→ **What is needed**
Further down are entries; set down exactly and only the lines from the one with "会上,传达学习中央、省上有关" up to and including the one with "1 哈氏可磨性测定仪(简称哈", dropping each picture.

→ **Records for processing**
○ ○ ○ ○ ○ ○ ○

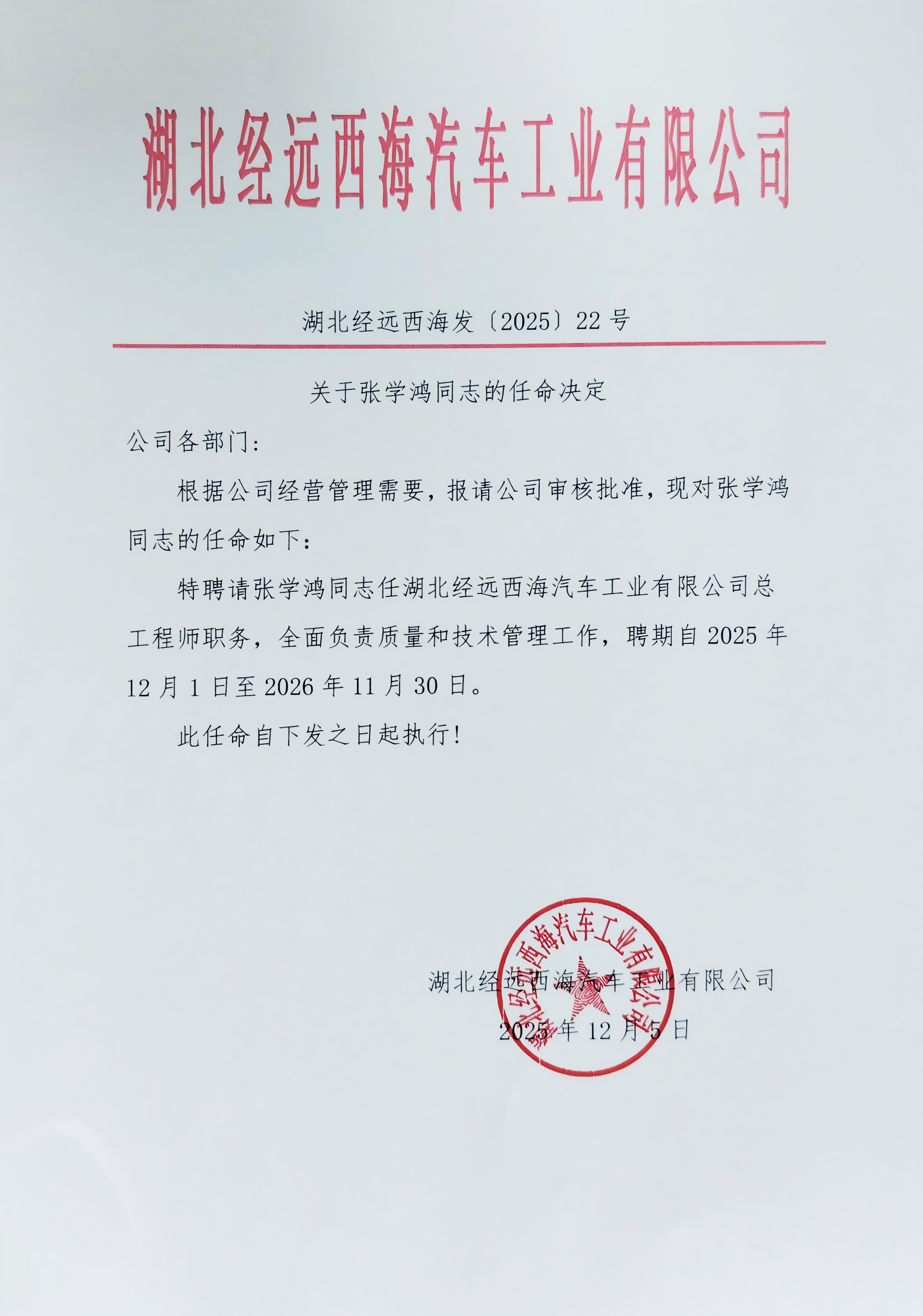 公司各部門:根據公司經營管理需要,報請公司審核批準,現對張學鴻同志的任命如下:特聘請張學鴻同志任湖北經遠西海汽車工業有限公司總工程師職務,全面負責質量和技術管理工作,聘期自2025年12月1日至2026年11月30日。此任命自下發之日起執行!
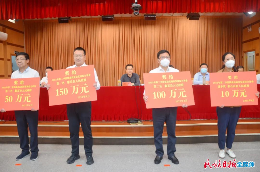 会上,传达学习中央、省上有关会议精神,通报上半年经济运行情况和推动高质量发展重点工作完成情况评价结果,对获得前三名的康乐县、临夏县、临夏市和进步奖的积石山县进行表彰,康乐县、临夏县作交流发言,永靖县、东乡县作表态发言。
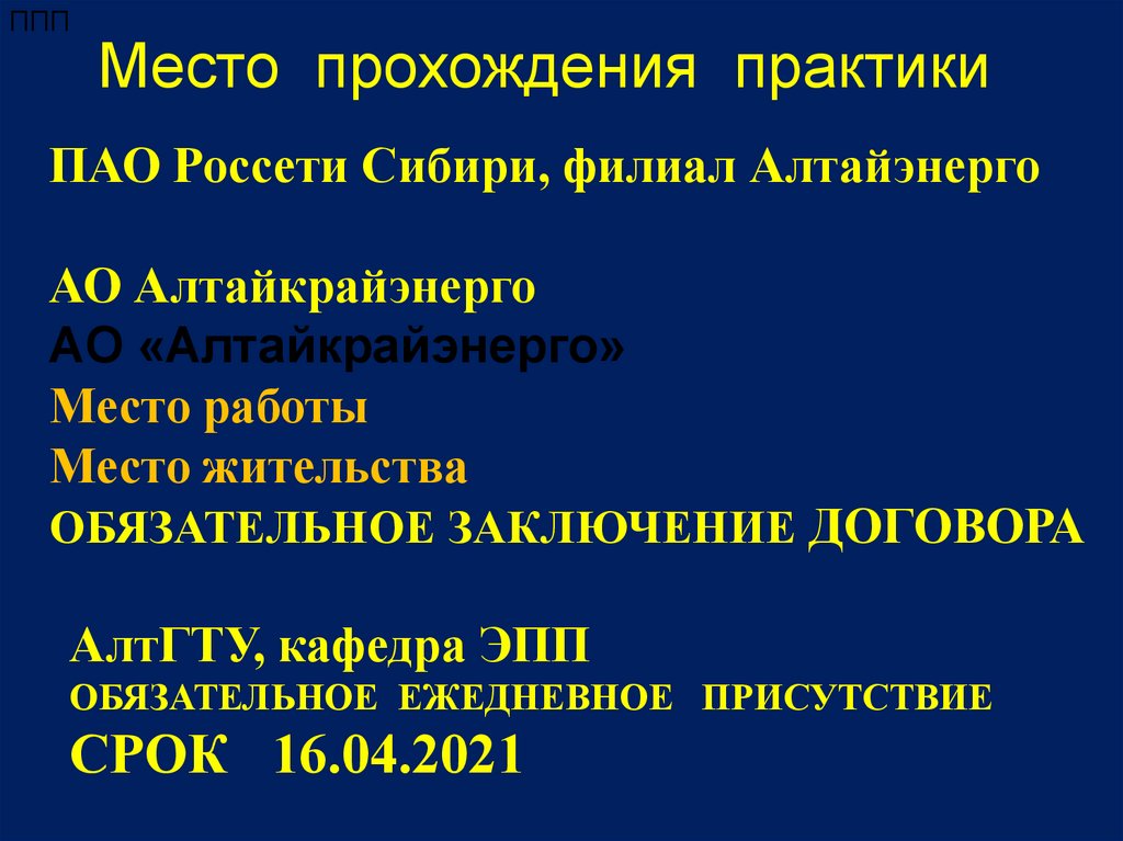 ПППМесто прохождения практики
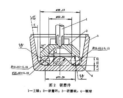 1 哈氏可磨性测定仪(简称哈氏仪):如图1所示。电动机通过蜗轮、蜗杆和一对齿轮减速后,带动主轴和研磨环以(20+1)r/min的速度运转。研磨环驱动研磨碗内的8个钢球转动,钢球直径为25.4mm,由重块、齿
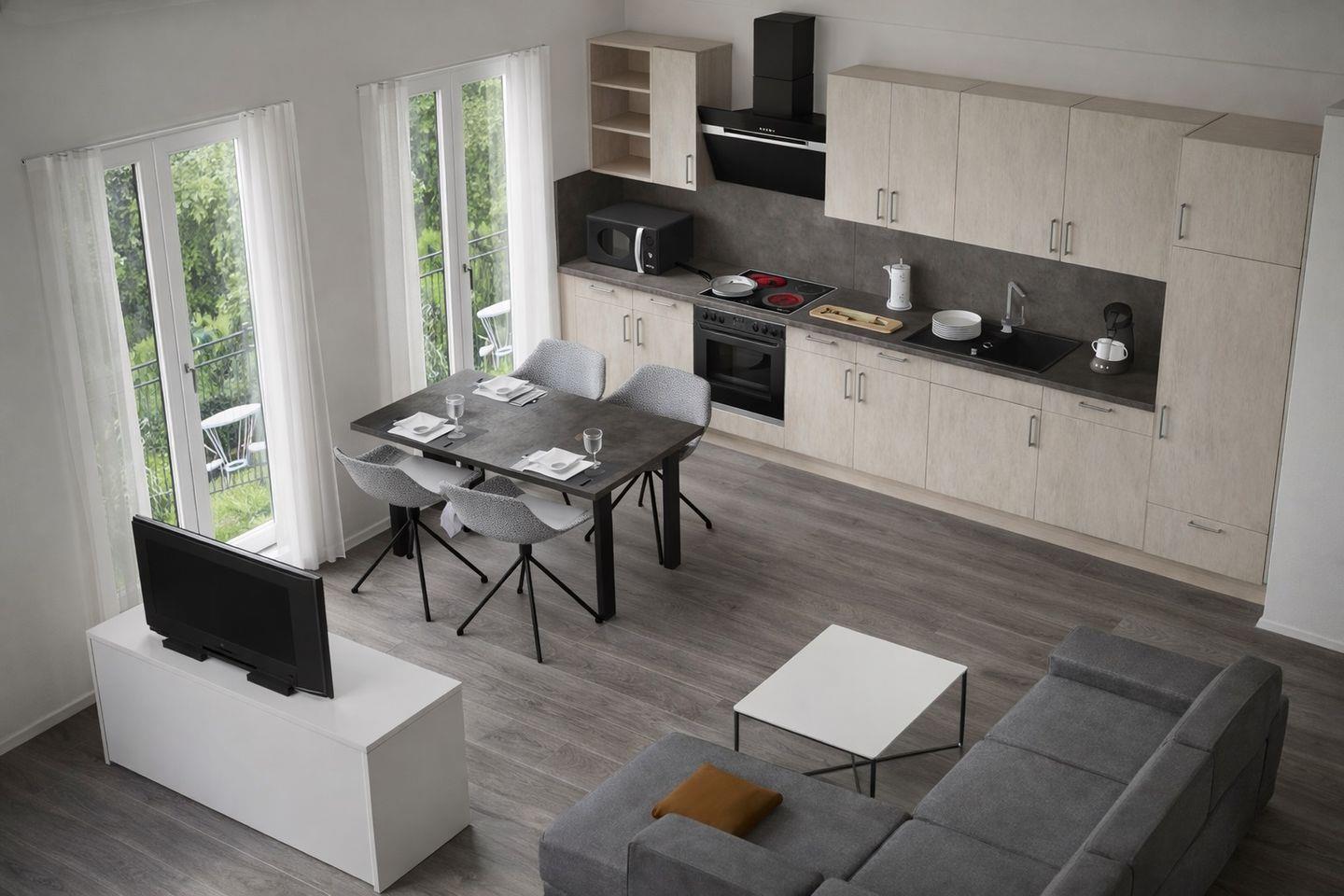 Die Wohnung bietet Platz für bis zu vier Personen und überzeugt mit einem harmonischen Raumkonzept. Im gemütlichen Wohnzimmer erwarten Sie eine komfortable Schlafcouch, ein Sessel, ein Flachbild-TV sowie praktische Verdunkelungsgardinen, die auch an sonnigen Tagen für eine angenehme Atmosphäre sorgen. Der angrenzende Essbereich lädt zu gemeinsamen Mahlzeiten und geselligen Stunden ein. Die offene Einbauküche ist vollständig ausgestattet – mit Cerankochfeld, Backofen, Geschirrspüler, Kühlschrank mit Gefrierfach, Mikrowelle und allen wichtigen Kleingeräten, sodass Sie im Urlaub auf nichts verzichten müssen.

○ ○ ○ ○ ○ ○ ○

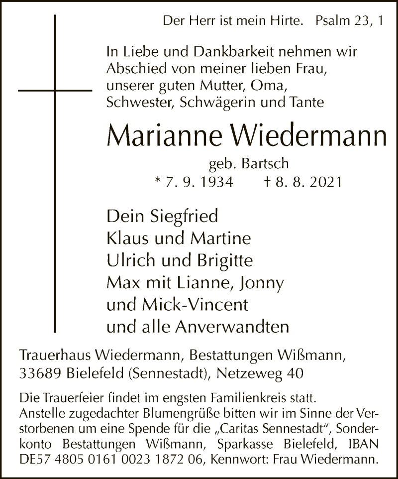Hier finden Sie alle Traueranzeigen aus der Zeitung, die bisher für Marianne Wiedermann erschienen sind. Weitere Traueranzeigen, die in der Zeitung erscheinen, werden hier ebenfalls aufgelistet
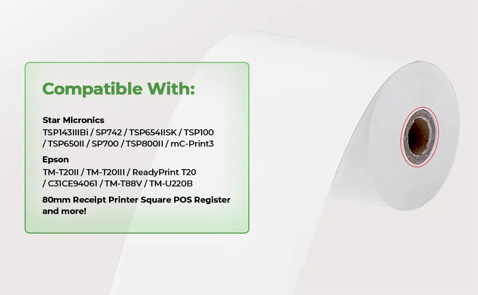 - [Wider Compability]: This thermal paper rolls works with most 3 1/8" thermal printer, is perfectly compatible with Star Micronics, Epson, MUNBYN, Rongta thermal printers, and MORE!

○ ○ ○ ○ ○ ○ ○

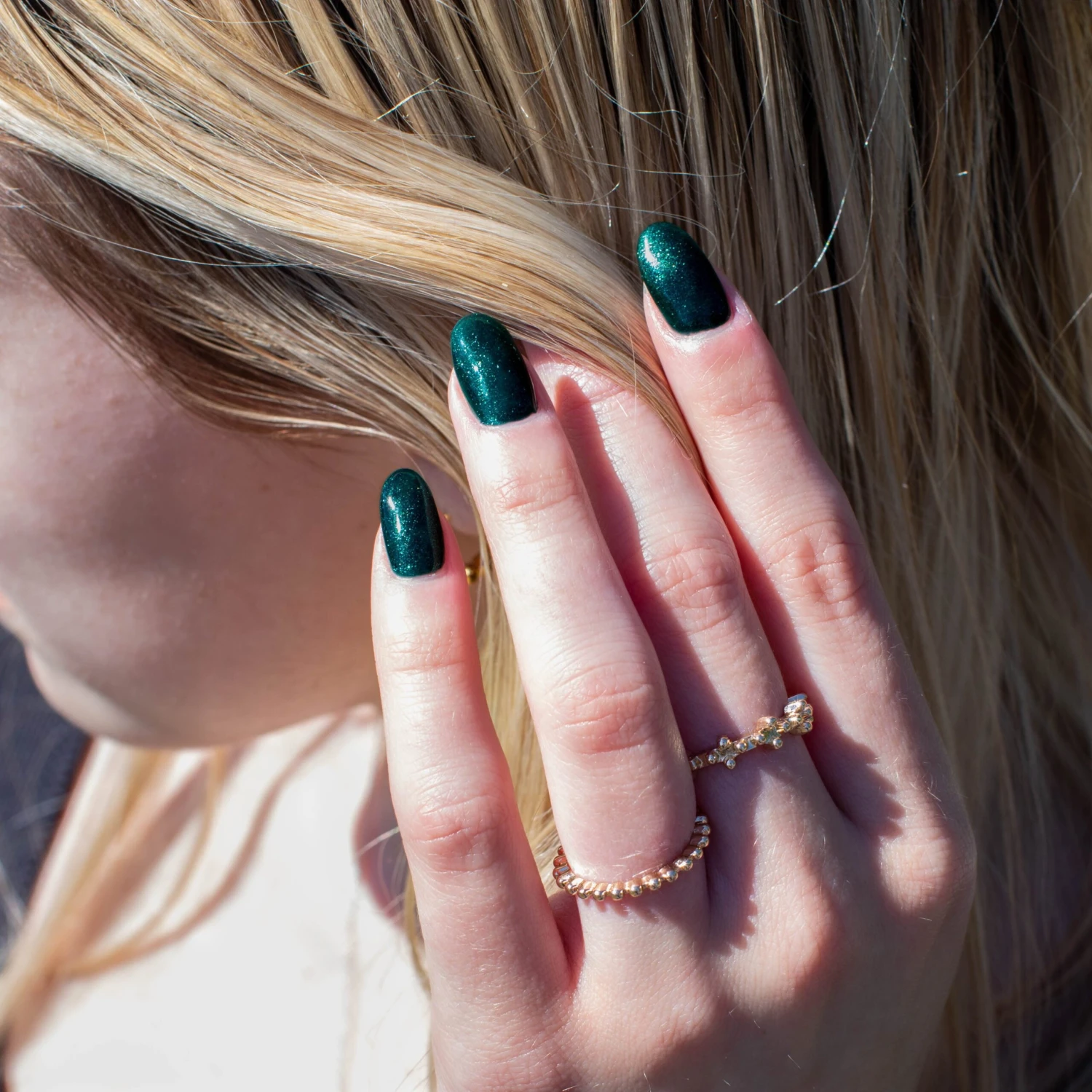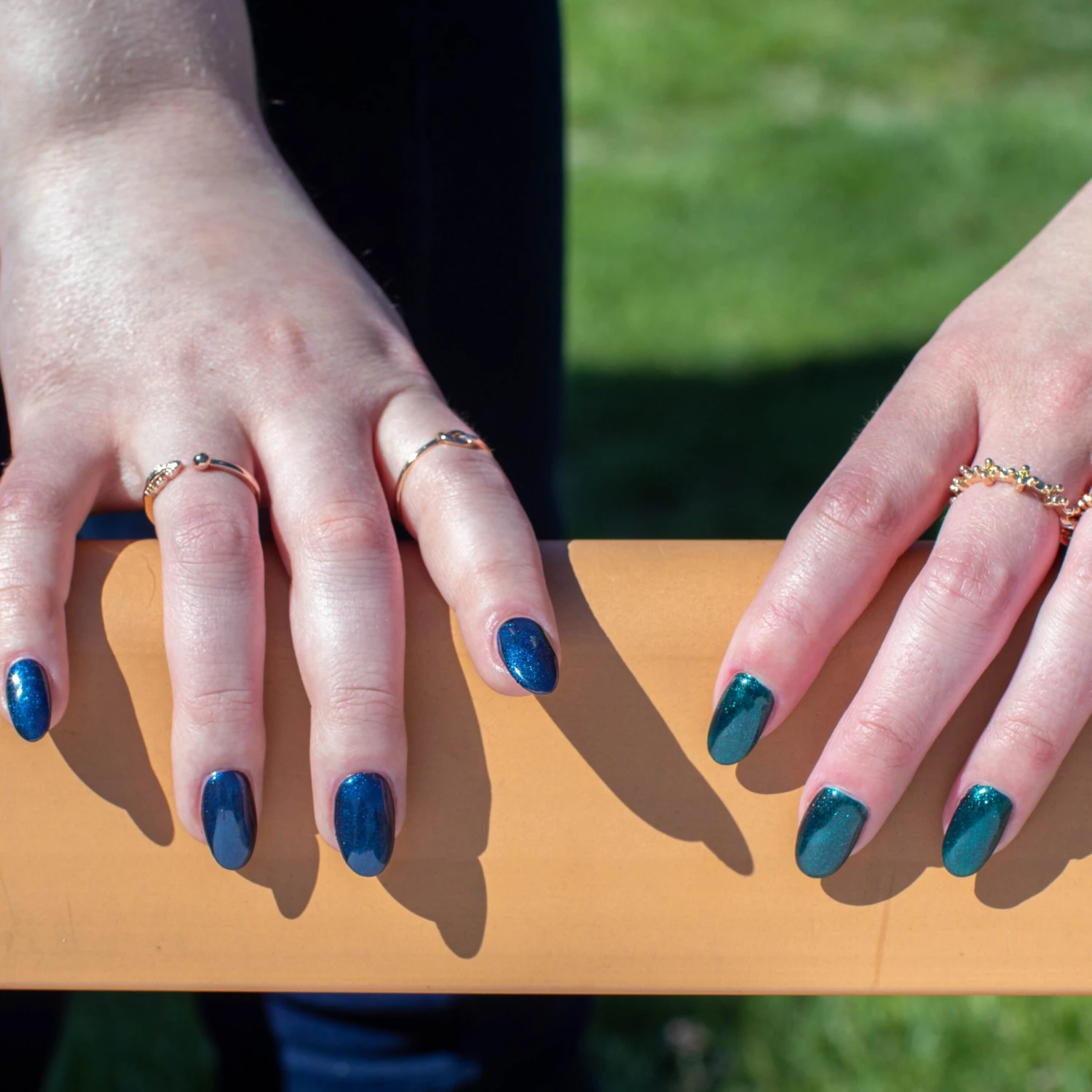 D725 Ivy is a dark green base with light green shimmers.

○ ○ ○ ○ ○ ○ ○

→ **Output of the task**
 会上,传达学习中央、省上有关会议精神,通报上半年经济运行情况和推动高质量发展重点工作完成情况评价结果,对获得前三名的康乐县、临夏县、临夏市和进步奖的积石山县进行表彰,康乐县、临夏县作交流发言,永靖县、东乡县作表态发言。
 ПППМесто прохождения практики
 1 哈氏可磨性测定仪(简称哈氏仪):如图1所示。电动机通过蜗轮、蜗杆和一对齿轮减速后,带动主轴和研磨环以(20+1)r/min的速度运转。研磨环驱动研磨碗内的8个钢球转动,钢球直径为25.4mm,由重块、齿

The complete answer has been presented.